AVAILABLE RECORDS:
==================================================
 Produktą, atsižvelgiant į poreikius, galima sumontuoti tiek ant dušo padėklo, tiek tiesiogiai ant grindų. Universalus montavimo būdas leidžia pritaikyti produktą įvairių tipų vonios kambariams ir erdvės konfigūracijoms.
==================================================
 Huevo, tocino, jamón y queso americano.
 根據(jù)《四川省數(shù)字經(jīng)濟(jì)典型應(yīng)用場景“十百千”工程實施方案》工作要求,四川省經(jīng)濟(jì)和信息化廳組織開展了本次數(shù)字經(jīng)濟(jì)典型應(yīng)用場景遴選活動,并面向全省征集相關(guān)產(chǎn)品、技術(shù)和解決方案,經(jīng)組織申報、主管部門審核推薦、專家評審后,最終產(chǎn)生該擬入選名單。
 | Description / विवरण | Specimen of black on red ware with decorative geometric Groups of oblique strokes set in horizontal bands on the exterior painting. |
==================================================
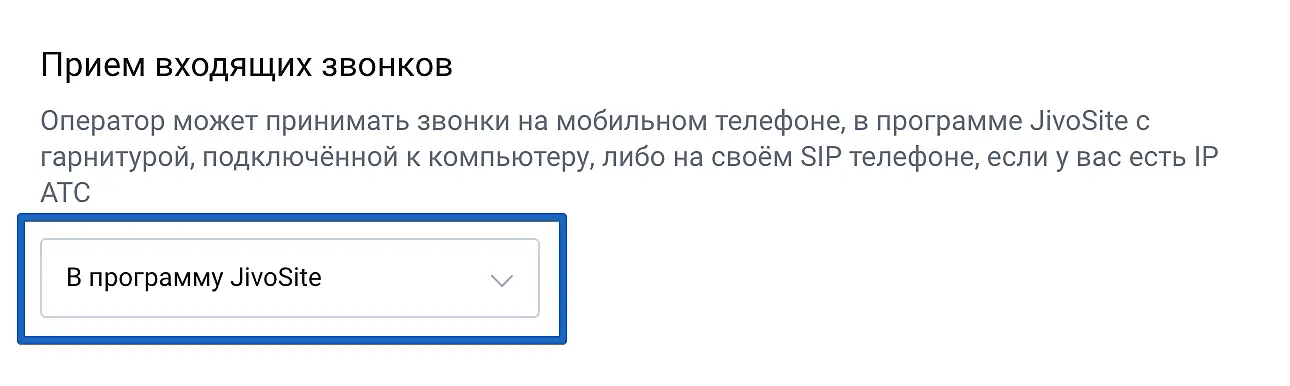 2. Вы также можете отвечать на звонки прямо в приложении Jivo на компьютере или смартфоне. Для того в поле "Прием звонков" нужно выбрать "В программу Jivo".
==================================================
TASK PROMPT:
Look above for the line holding "Huevo, tocino, jamón y queso americano." and the line holding "exterior painting. |". Retype both, and every line between them, word for word and nothing else.

ANSWER FOR THE TASK:
 Huevo, tocino, jamón y queso americano.
 根據(jù)《四川省數(shù)字經(jīng)濟(jì)典型應(yīng)用場景“十百千”工程實施方案》工作要求,四川省經(jīng)濟(jì)和信息化廳組織開展了本次數(shù)字經(jīng)濟(jì)典型應(yīng)用場景遴選活動,并面向全省征集相關(guān)產(chǎn)品、技術(shù)和解決方案,經(jīng)組織申報、主管部門審核推薦、專家評審后,最終產(chǎn)生該擬入選名單。
 | Description / विवरण | Specimen of black on red ware with decorative geometric Groups of oblique strokes set in horizontal bands on the exterior painting. |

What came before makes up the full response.